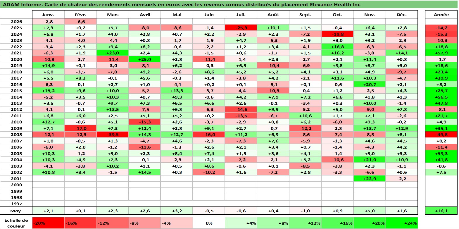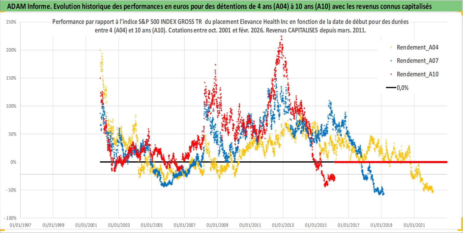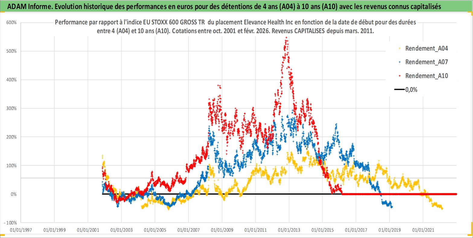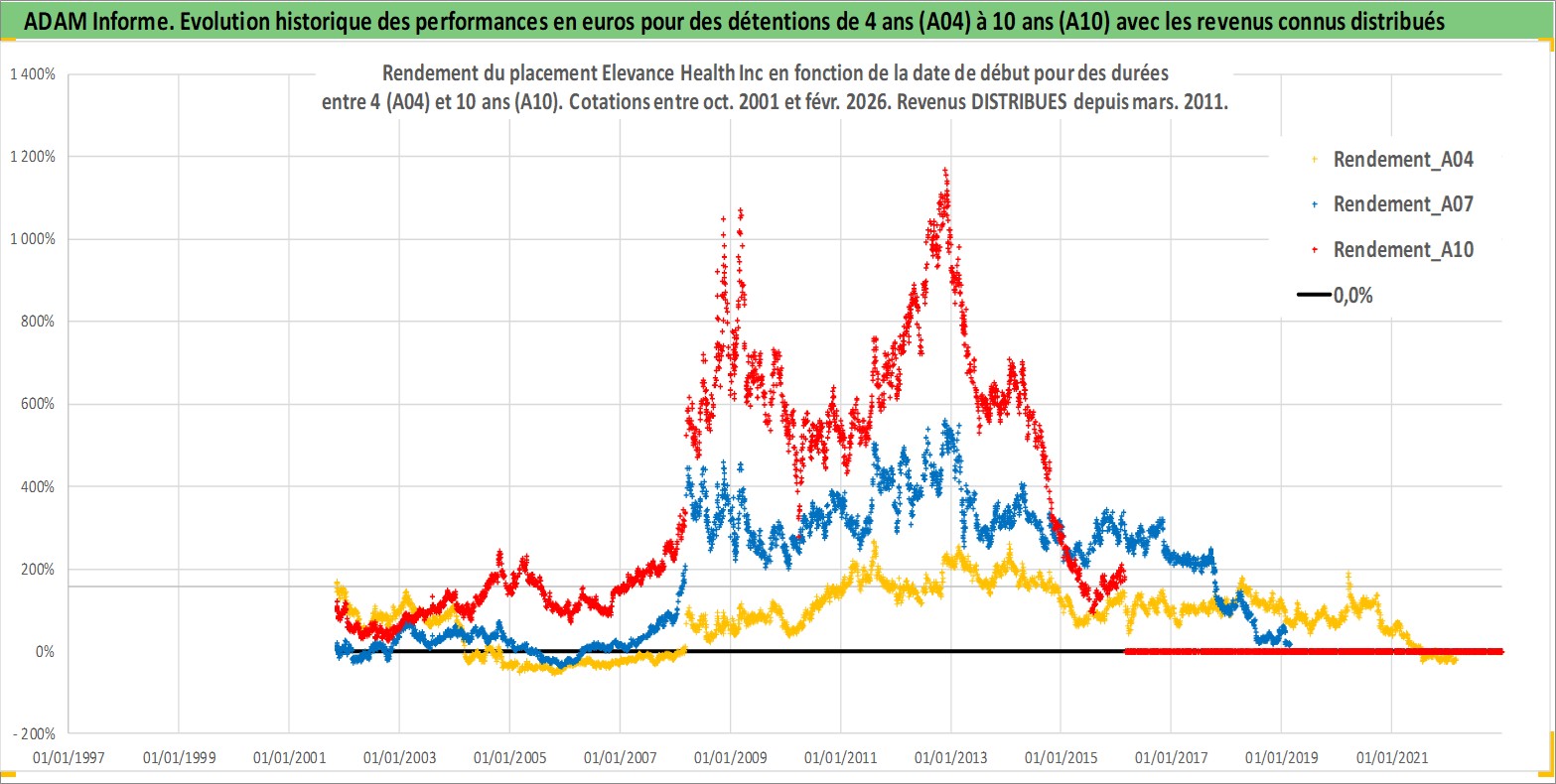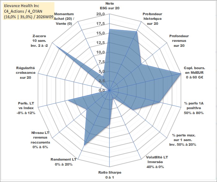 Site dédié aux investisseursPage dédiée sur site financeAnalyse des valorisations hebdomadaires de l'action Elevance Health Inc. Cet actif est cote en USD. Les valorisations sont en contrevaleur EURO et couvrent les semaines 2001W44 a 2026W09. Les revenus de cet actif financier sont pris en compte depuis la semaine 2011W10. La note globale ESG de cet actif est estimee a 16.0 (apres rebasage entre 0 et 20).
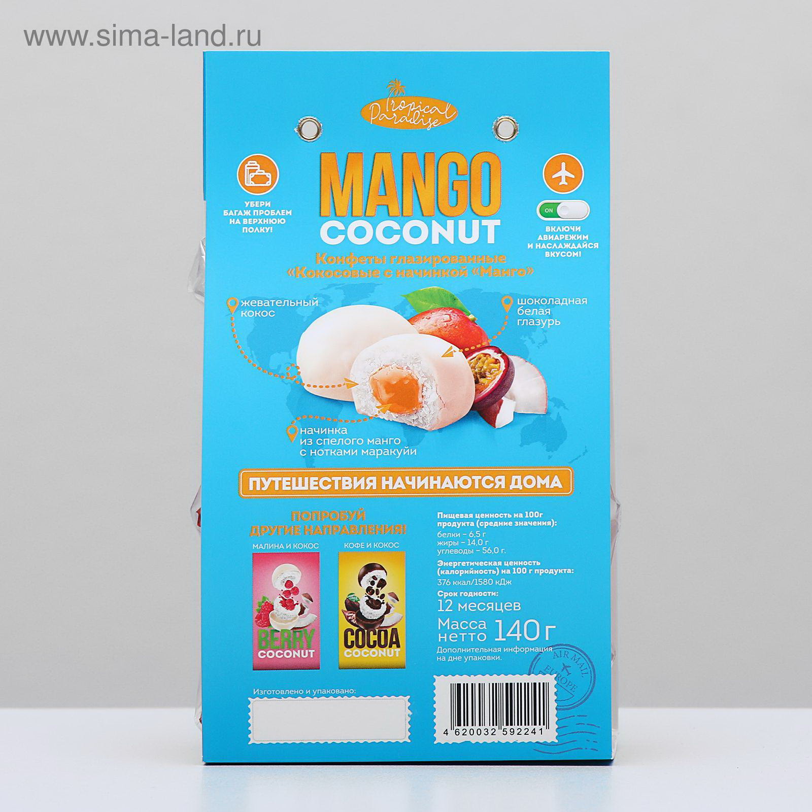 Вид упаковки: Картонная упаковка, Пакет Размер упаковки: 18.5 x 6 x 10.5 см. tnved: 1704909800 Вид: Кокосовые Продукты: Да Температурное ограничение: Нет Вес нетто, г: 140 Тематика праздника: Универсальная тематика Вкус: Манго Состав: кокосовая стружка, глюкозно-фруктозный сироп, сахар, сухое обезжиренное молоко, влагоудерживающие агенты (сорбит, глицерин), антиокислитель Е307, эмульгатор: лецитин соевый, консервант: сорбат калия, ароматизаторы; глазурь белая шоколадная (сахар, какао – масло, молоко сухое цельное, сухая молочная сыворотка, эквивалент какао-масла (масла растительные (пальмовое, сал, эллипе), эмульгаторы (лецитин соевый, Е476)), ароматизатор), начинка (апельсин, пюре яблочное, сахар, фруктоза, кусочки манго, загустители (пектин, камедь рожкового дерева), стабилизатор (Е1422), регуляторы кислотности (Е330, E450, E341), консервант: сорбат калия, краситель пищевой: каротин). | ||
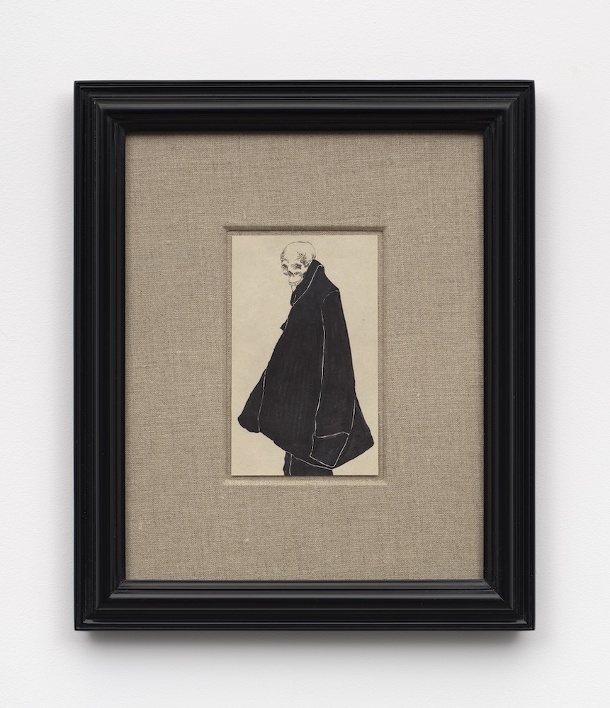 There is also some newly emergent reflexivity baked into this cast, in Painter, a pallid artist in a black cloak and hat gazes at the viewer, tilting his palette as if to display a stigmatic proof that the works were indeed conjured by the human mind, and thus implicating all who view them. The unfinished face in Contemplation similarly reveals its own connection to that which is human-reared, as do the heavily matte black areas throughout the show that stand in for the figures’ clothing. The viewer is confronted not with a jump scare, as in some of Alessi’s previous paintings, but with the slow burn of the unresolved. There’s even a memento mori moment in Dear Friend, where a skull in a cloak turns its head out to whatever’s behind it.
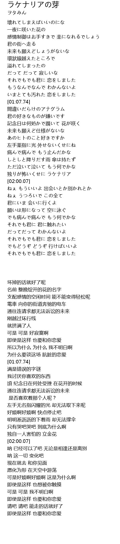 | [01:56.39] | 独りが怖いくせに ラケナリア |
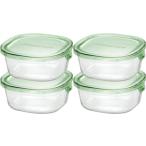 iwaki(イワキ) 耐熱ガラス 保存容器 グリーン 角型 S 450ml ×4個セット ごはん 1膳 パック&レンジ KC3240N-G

───

- **What to produce**: The copy should begin at the line containing "独りが怖いくせに ラケナリア |" and end at the last line of the data above; please restate those lines word for word without the pictures.

- **Result for this exercise**:
 | [01:56.39] | 独りが怖いくせに ラケナリア |
 iwaki(イワキ) 耐熱ガラス 保存容器 グリーン 角型 S 450ml ×4個セット ごはん 1膳 パック&レンジ KC3240N-G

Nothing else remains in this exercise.